Abstract:Sarcasm Explanation in Dialogue (SED) is a new yet challenging task, which aims to generate a natural language explanation for the given sarcastic dialogue that involves multiple modalities (i.e., utterance, video, and audio). Although existing studies have achieved great success based on the generative pretrained language model BART, they overlook exploiting the sentiments residing in the utterance, video and audio, which are vital clues for sarcasm explanation. In fact, it is non-trivial to incorporate sentiments for boosting SED performance, due to three main challenges: 1) diverse effects of utterance tokens on sentiments; 2) gap between video-audio sentiment signals and the embedding space of BART; and 3) various relations among utterances, utterance sentiments, and video-audio sentiments. To tackle these challenges, we propose a novel sEntiment-enhanceD Graph-based multimodal sarcasm Explanation framework, named EDGE. In particular, we first propose a lexicon-guided utterance sentiment inference module, where a heuristic utterance sentiment refinement strategy is devised. We then develop a module named Joint Cross Attention-based Sentiment Inference (JCA-SI) by extending the multimodal sentiment analysis model JCA to derive the joint sentiment label for each video-audio clip. Thereafter, we devise a context-sentiment graph to comprehensively model the semantic relations among the utterances, utterance sentiments, and video-audio sentiments, to facilitate sarcasm explanation generation. Extensive experiments on the publicly released dataset WITS verify the superiority of our model over cutting-edge methods.

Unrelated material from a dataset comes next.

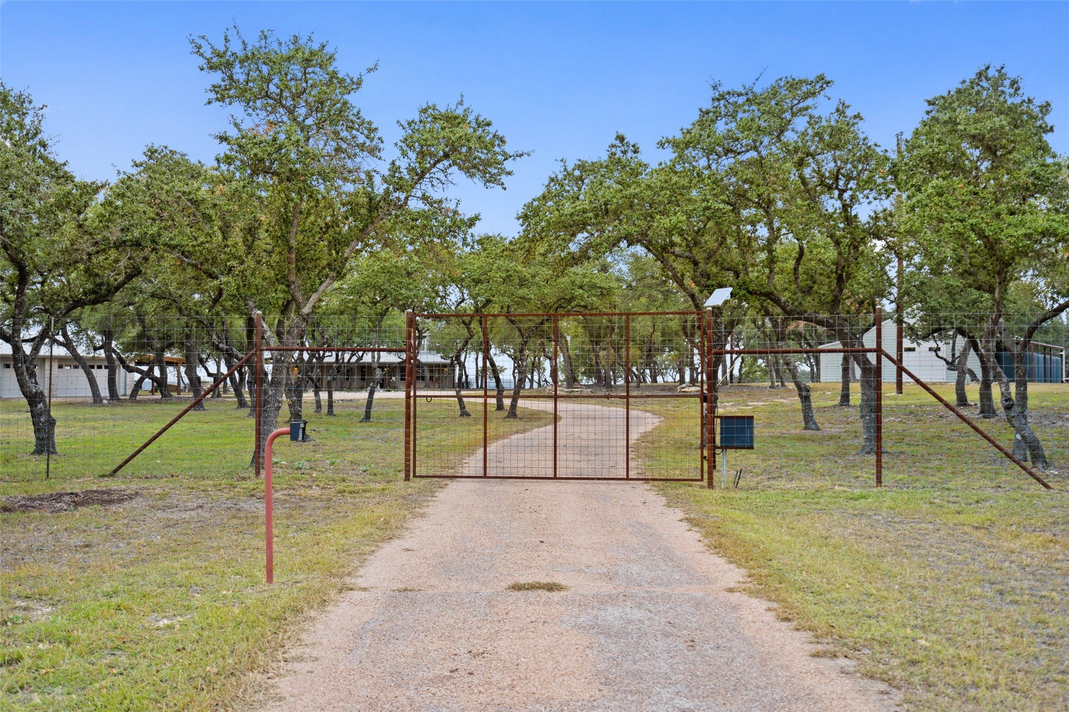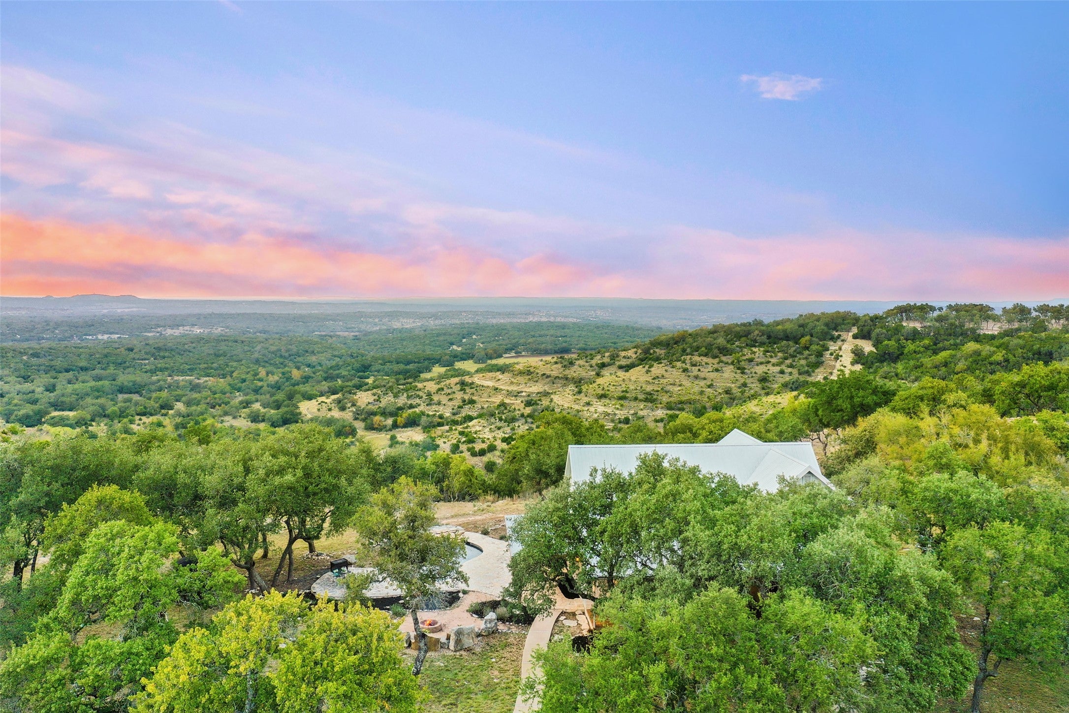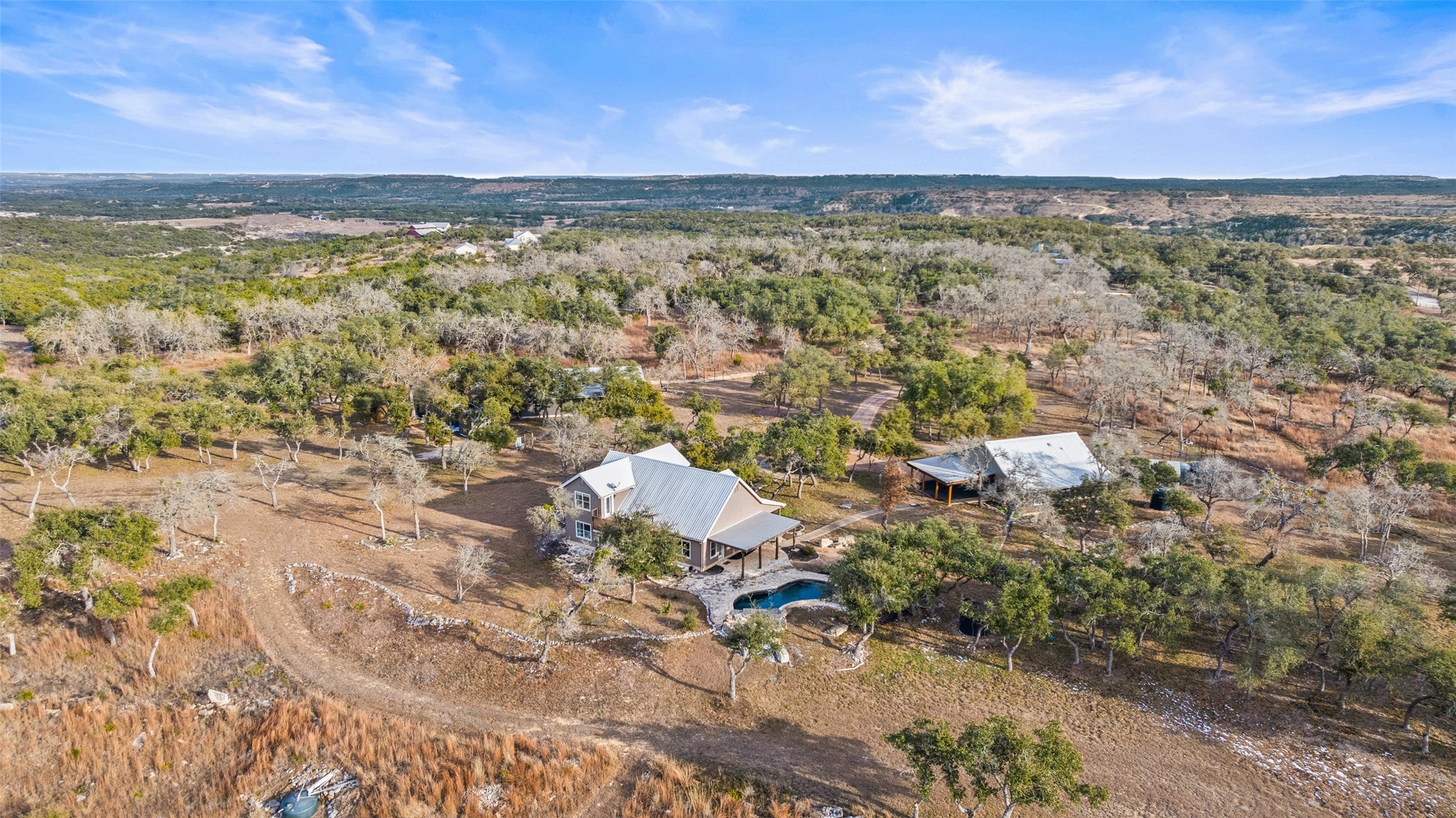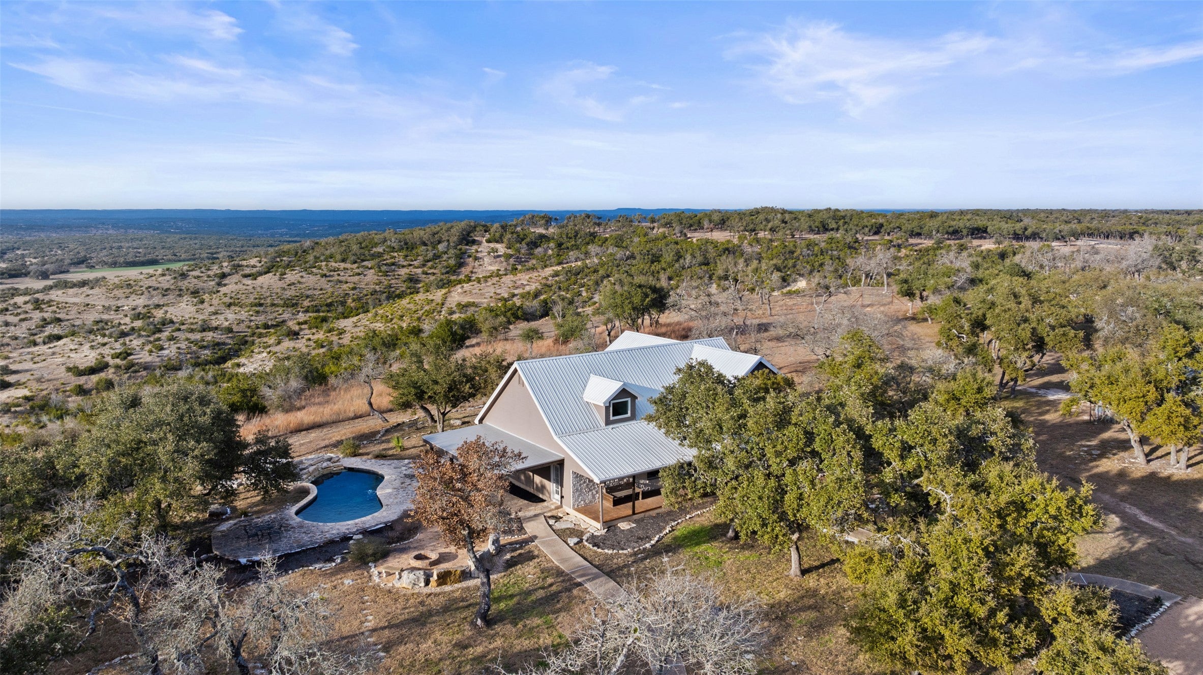 Transcendent Hill Country Views from this exceptionally private and gated 25+ acre Dripping Springs Estate in Blanco County. Comprised of an inviting 2600+ SF main home that captures the remarkable long-range vistas and rocked poolscape along with a fully appointed 520+/- guest apartment attached to the three-car garage and 1800+/- SF insulated metal building complete with heated and cooled office space. This ranchette lives much larger than its 25 acre footprint in light of the elevated and relatively flat topography but remains easy to maintain. Rainwater harvesting system in place along with a well. Studded with grand post oak trees throughout and a serene habitat for whitetail and songbirds, the land is equally as stunning as the view. A high fenced garden sits behind the guest apartment and is ready to be planted. Efficiently located near Austin and San Antonio, just 15 minutes to local shops and restaurants. Rainwater catchment and well currently in place, outside of city limits, and lightly restricted. Pets negotiable.

What problem does this paper attempt to address?
The problem that this paper attempts to solve is to generate natural - language explanations in dialogue to reveal sarcasm semantics (Sarcasm Explanation in Dialogue, SED). Specifically, the SED task aims to generate natural - language explanations for given sarcastic dialogues containing multiple modalities (i.e., utterances, videos, and audios). Although existing research has achieved remarkable success based on the pre - trained language model BART, they ignore the use of emotional information present in utterances, videos, and audios, which is crucial for sarcasm explanation.
### Main Challenges
The paper points out that using emotional information to enhance SED performance faces the following three main challenges:
1. **Diverse effects of utterance tokens on sentiments**: There are multiple types of words in utterances, such as transitional words (e.g., "but"), negative words (e.g., "not"), intensity words (e.g., "very"), and emotional words (e.g., "happy"), and these words make different contributions to the sentiment of the utterance. Therefore, how to analyze the diverse effects of these words on the sentiment of the utterance is an important challenge.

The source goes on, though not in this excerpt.